Records from a data source:
┌──
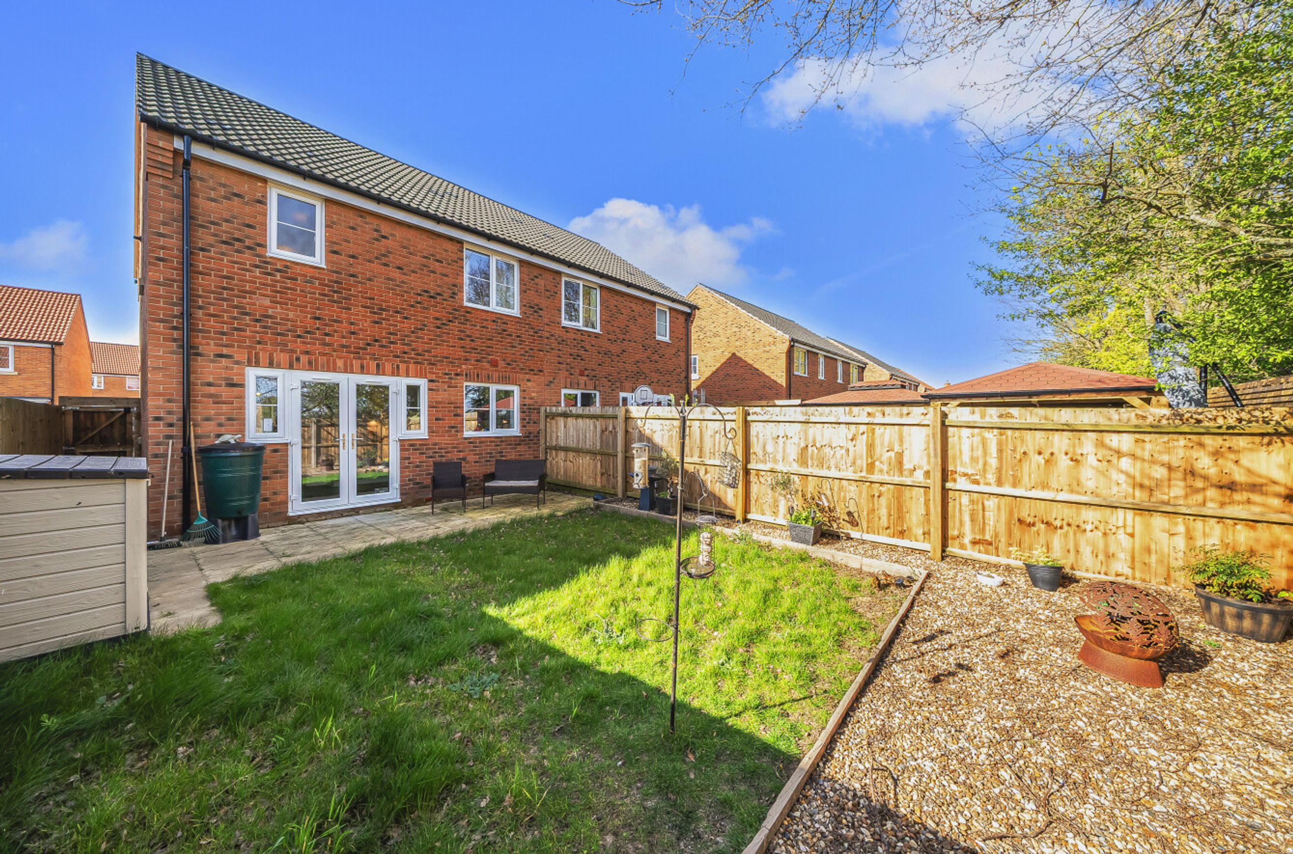 A great chance to buy a three-bedroom, shared-ownership family home. This recently-built and smartly-presented property has a cloakroom/WC just off the entrance hall, a good-sized reception room and a full-width kitchen/dining room with patio doors that open onto the rear garden. The garden can also be accessed via a side gate. On the first floor of the house is a main bedroom with en-suite shower room plus a spacious second double bedroom, a slightly smaller third bedroom and an attractive, naturally-lit bathroom with limestone-style tiles. Well insulated walls, roof and floor, high performance glazing and a modern gas central heating system all contribute towards a very good energy-efficiency rating. The house comes with a two-car driveway and is within comfortable walking distance, or a very brief bike ride, of both the town centre and Acle Railway Station. The property is held on a very long lease with the freehold transferrable at 100% ownership.
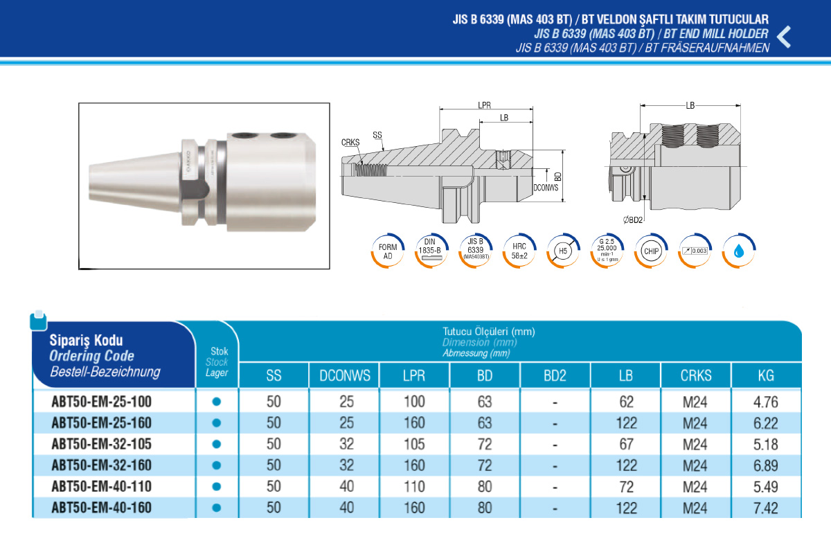 Характеристики товара: Оправка BT50 для инструмента с хвостовиком типа Weldon VT 25х100мм по MAS 403 BT форма AD AKKO
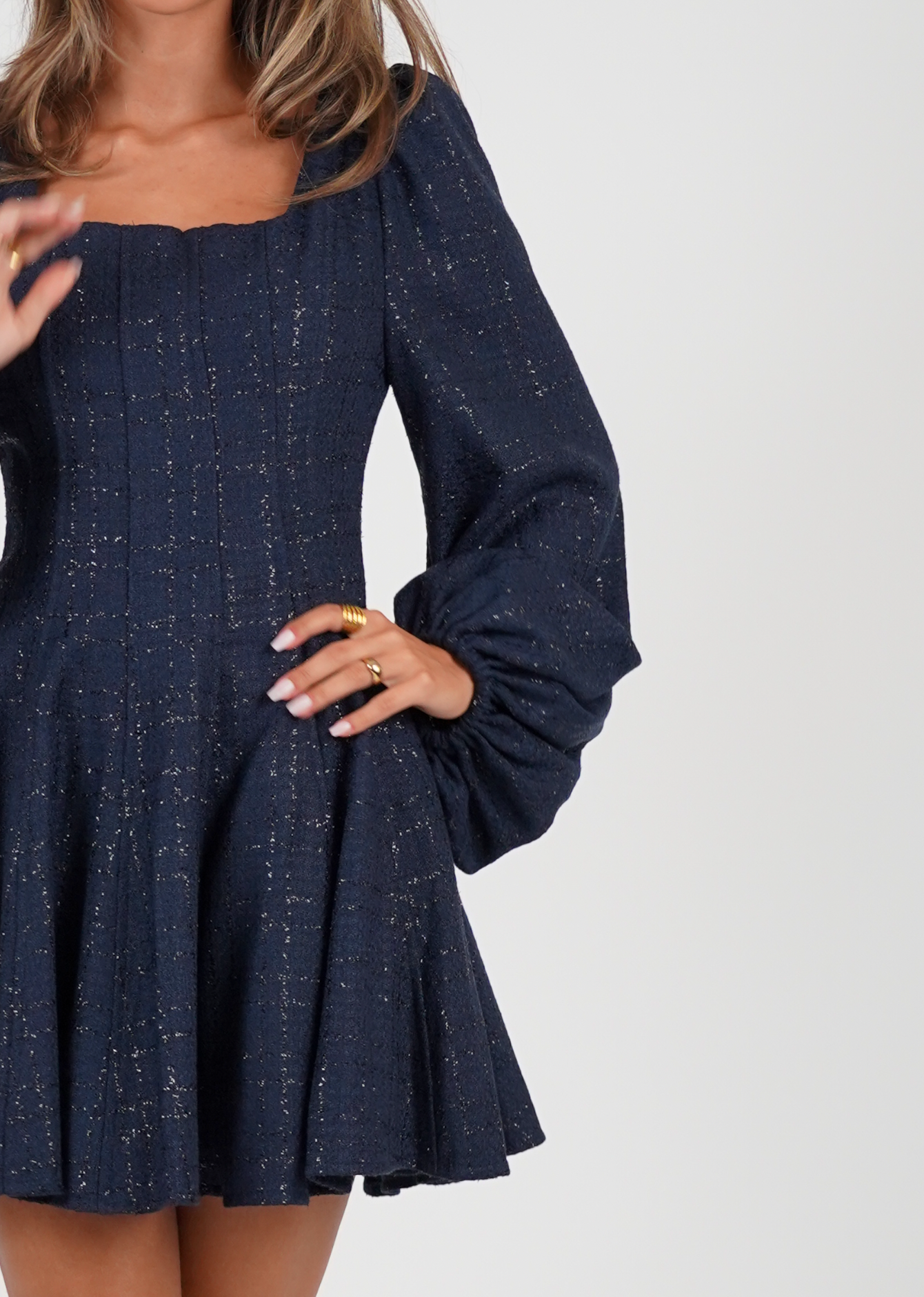 Golightly Sophie Tweed kjole - Midnight Blue
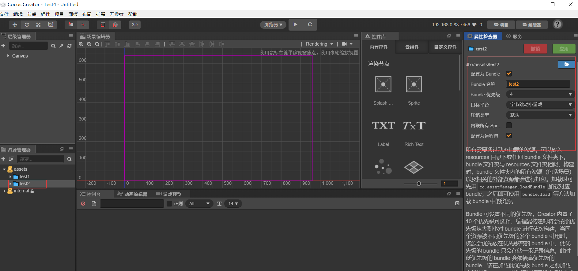 cc.assetManager.loadBundle("test2", (err, res) => {
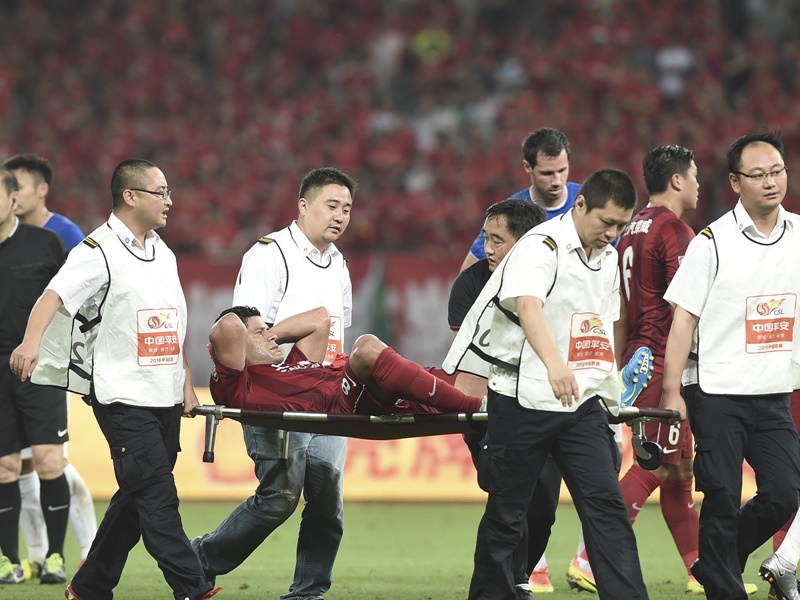 記念すべき中国での初ゴールは、右からのクロスに潰されながらも押し込んだ形だった。だが、フッキはその得点から5分も経たないうちに負傷してしまった。左ひざを痛めたフッキは、一度はピッチへ戻ったものの、その後プレー続行不可能に。結局、プレー時間わずか20分で無念の負傷交代となってしまった。
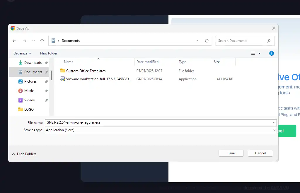 File GNS3 yang diunduh adalah file executable Windows. Jika Anda mengalami masalah saat mengunduh, pastikan kebijakan keamanan Anda seperti aturan firewall dan antivirus mengizinkan pengunduhan file .exe.
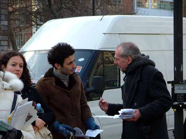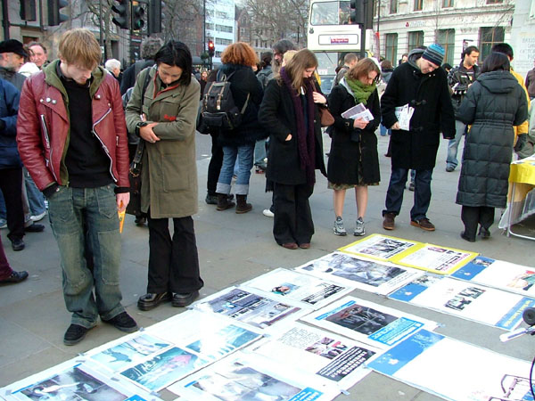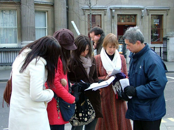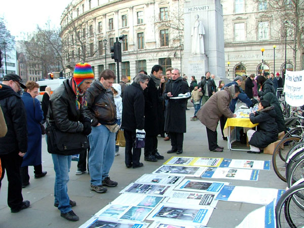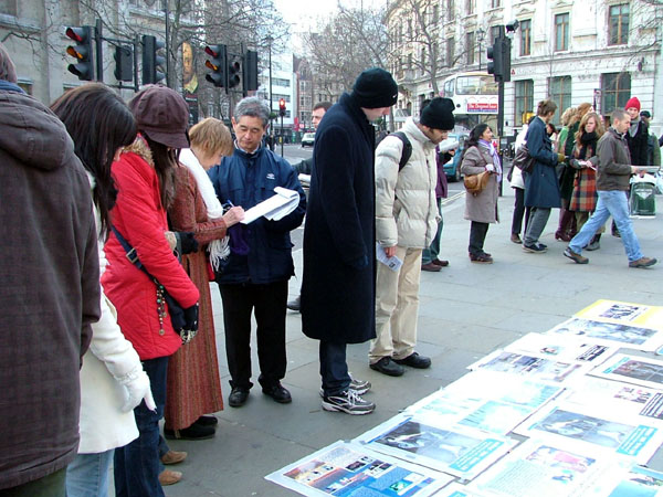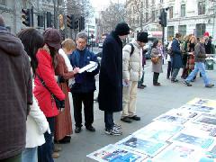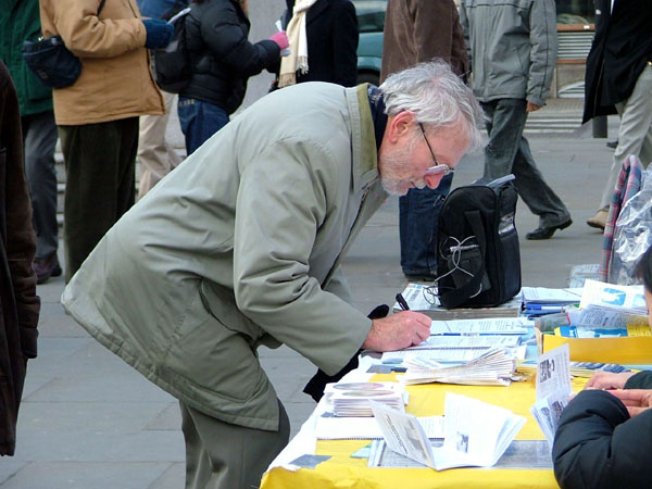 横幅和迫害真相图片吸引了许多过往路人驻足观看,许多路人表示,中共对法轮功的迫害图片令人惨不忍睹,集中营里的暴行令人发指。了解真相的人们纷纷在征签表上签名。征签表将会在3月21日被递交到英国首相府,敦请英国首相和英国政府强烈谴责中共当局对法轮功的迫害,帮助制止在苏家屯集中营里的大规模屠杀和器官摘取,提交联合国彻查该事件,营救正在被迫害的法轮功学员。
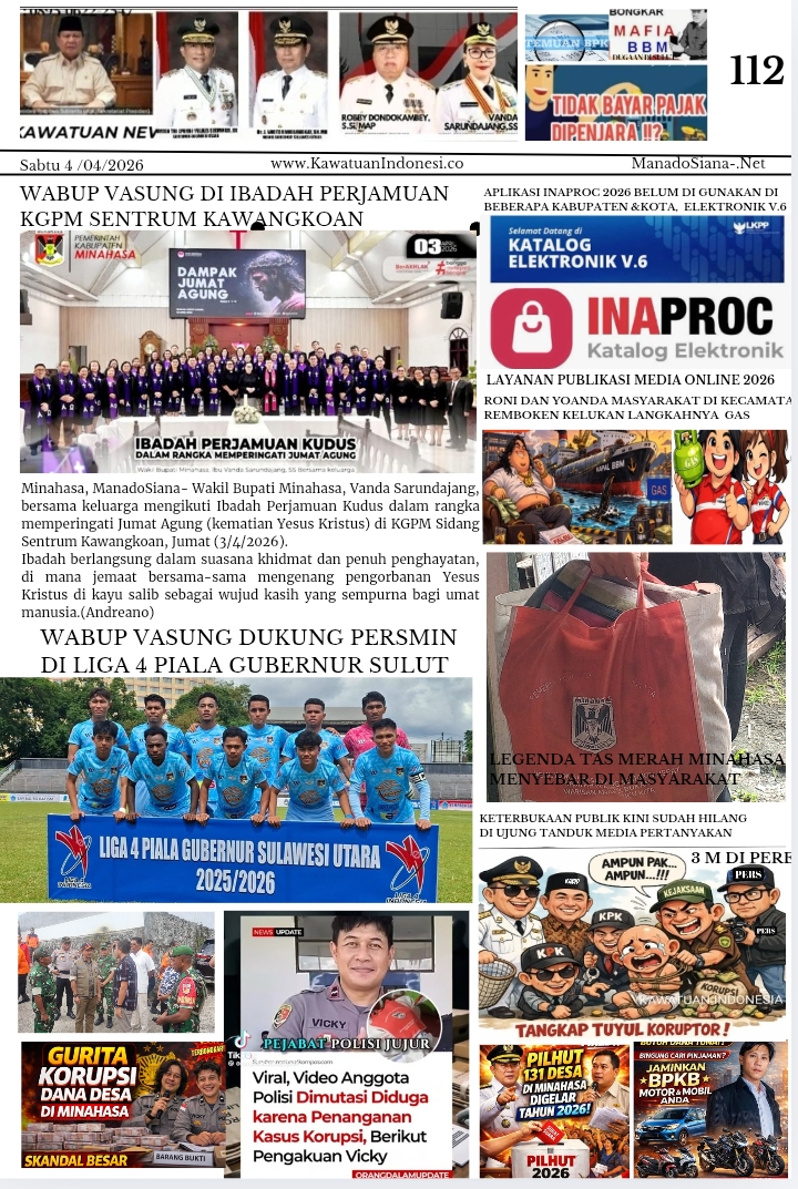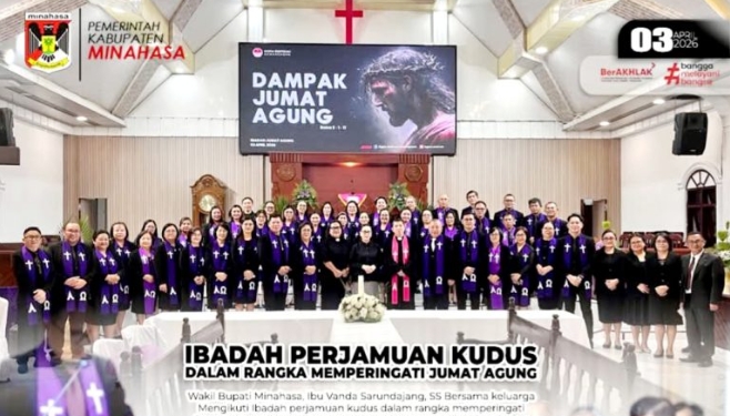 Minahasa, ManadoSiana- Wakil Bupati Minahasa, Vanda Sarundajang, bersama keluarga mengikuti Ibadah Perjamuan Kudus dalam rangka memperingati Jumat Agung (kematian Yesus Kristus) di KGPM Sidang Sentrum Kawangkoan, Jumat (3/4/2026).
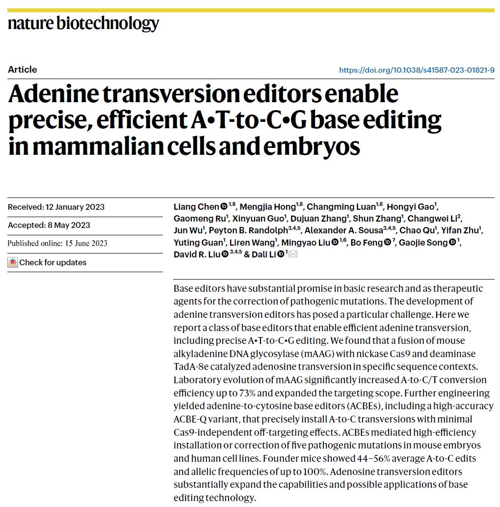 性吧 李大力教授团队继2022年10月在国际著名学术期刊 Nature Chemical Biology 报道新一代精准安全的腺嘌呤碱基编辑器ABE9以及11月在国际著名学术期刊 Nature Biotechnology 报道高精度新型胞嘧啶碱基编辑系统Td-BEs后,一年不到又迎来新的技术突破,2023年6月15日该团队再次在 Nature Biotechnology 上发表了题为“Adenine transversion editors enable precise, efficient A•T-to-C•G base editing in mammalian cells and embryos”的研究论文。
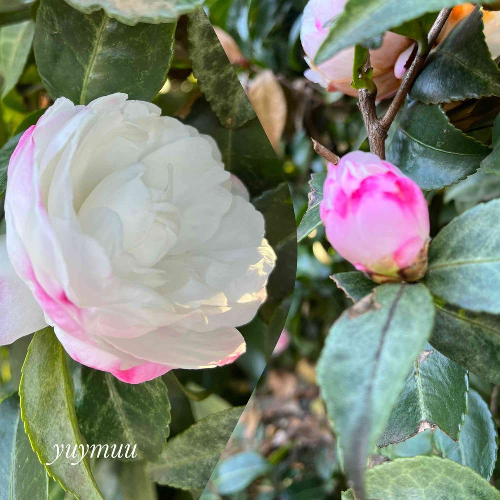 遊歩道に沿って続き、違う場所でもやっぱり心惹かれ❤️後から同じサザンカだと気づきました。
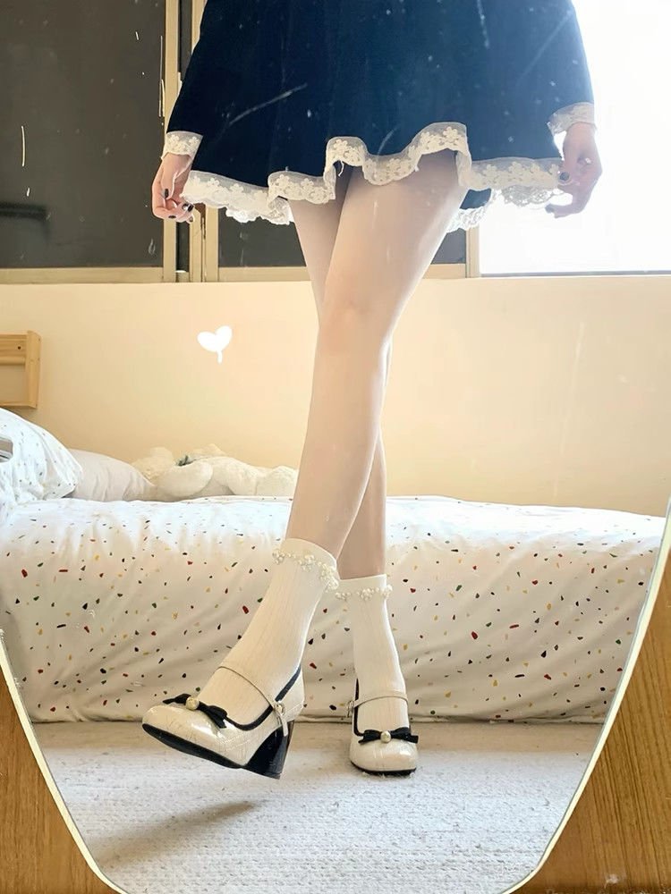 하이힐 메리 제인 신발 여성의 2025 새로운 틈새 디자인 센스 프렌치 버클 활 라운드 발가락 두꺼운 신발
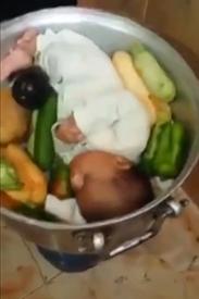 Una pareja de Arabia Saudí publicó un vídeo en las redes sociales en las que simulaban que su hijo recién nacido, dentro de una olla y rodeado de verduras, sería parte de su cena.
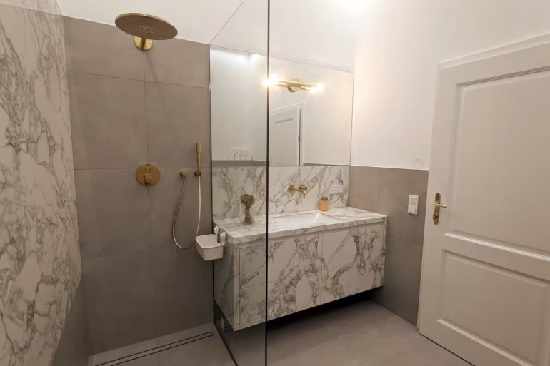 Die Wohnung verbindet klassischen Altbau-Charme mit modernen, durchdachten Details: Edles Parkett, geschmackvolle Fliesen und eine hochwertige Haustechnik schaffen ein Wohnambiente, das Tradition und zeitgemäßen Komfort harmonisch vereint. Für nachhaltige Behaglichkeit sorgt eine umweltfreundliche Heizlösung mit Fußbodenheizung. Die modernen Badezimmer sind geschmackvoll gestaltet und bieten Ihnen die Möglichkeit, sich nach einem langen Tag zu entspannen und zu erfrischen. In der warmen Jahreszeit sorgt eine moderne ferngesteuerte Klimaanlage für behagliche Raumtemperaturen.
└──
- [TASK INSTRUCTIONS]: Return every record exactly, without the pictures.

- [TASK RESULT]:
 A great chance to buy a three-bedroom, shared-ownership family home. This recently-built and smartly-presented property has a cloakroom/WC just off the entrance hall, a good-sized reception room and a full-width kitchen/dining room with patio doors that open onto the rear garden. The garden can also be accessed via a side gate. On the first floor of the house is a main bedroom with en-suite shower room plus a spacious second double bedroom, a slightly smaller third bedroom and an attractive, naturally-lit bathroom with limestone-style tiles. Well insulated walls, roof and floor, high performance glazing and a modern gas central heating system all contribute towards a very good energy-efficiency rating. The house comes with a two-car driveway and is within comfortable walking distance, or a very brief bike ride, of both the town centre and Acle Railway Station. The property is held on a very long lease with the freehold transferrable at 100% ownership.
 Характеристики товара: Оправка BT50 для инструмента с хвостовиком типа Weldon VT 25х100мм по MAS 403 BT форма AD AKKO
 Golightly Sophie Tweed kjole - Midnight Blue
 cc.assetManager.loadBundle("test2", (err, res) => {
 記念すべき中国での初ゴールは、右からのクロスに潰されながらも押し込んだ形だった。だが、フッキはその得点から5分も経たないうちに負傷してしまった。左ひざを痛めたフッキは、一度はピッチへ戻ったものの、その後プレー続行不可能に。結局、プレー時間わずか20分で無念の負傷交代となってしまった。
 File GNS3 yang diunduh adalah file executable Windows. Jika Anda mengalami masalah saat mengunduh, pastikan kebijakan keamanan Anda seperti aturan firewall dan antivirus mengizinkan pengunduhan file .exe.
 横幅和迫害真相图片吸引了许多过往路人驻足观看,许多路人表示,中共对法轮功的迫害图片令人惨不忍睹,集中营里的暴行令人发指。了解真相的人们纷纷在征签表上签名。征签表将会在3月21日被递交到英国首相府,敦请英国首相和英国政府强烈谴责中共当局对法轮功的迫害,帮助制止在苏家屯集中营里的大规模屠杀和器官摘取,提交联合国彻查该事件,营救正在被迫害的法轮功学员。
 Minahasa, ManadoSiana- Wakil Bupati Minahasa, Vanda Sarundajang, bersama keluarga mengikuti Ibadah Perjamuan Kudus dalam rangka memperingati Jumat Agung (kematian Yesus Kristus) di KGPM Sidang Sentrum Kawangkoan, Jumat (3/4/2026).
 性吧 李大力教授团队继2022年10月在国际著名学术期刊 Nature Chemical Biology 报道新一代精准安全的腺嘌呤碱基编辑器ABE9以及11月在国际著名学术期刊 Nature Biotechnology 报道高精度新型胞嘧啶碱基编辑系统Td-BEs后,一年不到又迎来新的技术突破,2023年6月15日该团队再次在 Nature Biotechnology 上发表了题为“Adenine transversion editors enable precise, efficient A•T-to-C•G base editing in mammalian cells and embryos”的研究论文。
 遊歩道に沿って続き、違う場所でもやっぱり心惹かれ❤️後から同じサザンカだと気づきました。
 하이힐 메리 제인 신발 여성의 2025 새로운 틈새 디자인 센스 프렌치 버클 활 라운드 발가락 두꺼운 신발
 Una pareja de Arabia Saudí publicó un vídeo en las redes sociales en las que simulaban que su hijo recién nacido, dentro de una olla y rodeado de verduras, sería parte de su cena.
 Die Wohnung verbindet klassischen Altbau-Charme mit modernen, durchdachten Details: Edles Parkett, geschmackvolle Fliesen und eine hochwertige Haustechnik schaffen ein Wohnambiente, das Tradition und zeitgemäßen Komfort harmonisch vereint. Für nachhaltige Behaglichkeit sorgt eine umweltfreundliche Heizlösung mit Fußbodenheizung. Die modernen Badezimmer sind geschmackvoll gestaltet und bieten Ihnen die Möglichkeit, sich nach einem langen Tag zu entspannen und zu erfrischen. In der warmen Jahreszeit sorgt eine moderne ferngesteuerte Klimaanlage für behagliche Raumtemperaturen.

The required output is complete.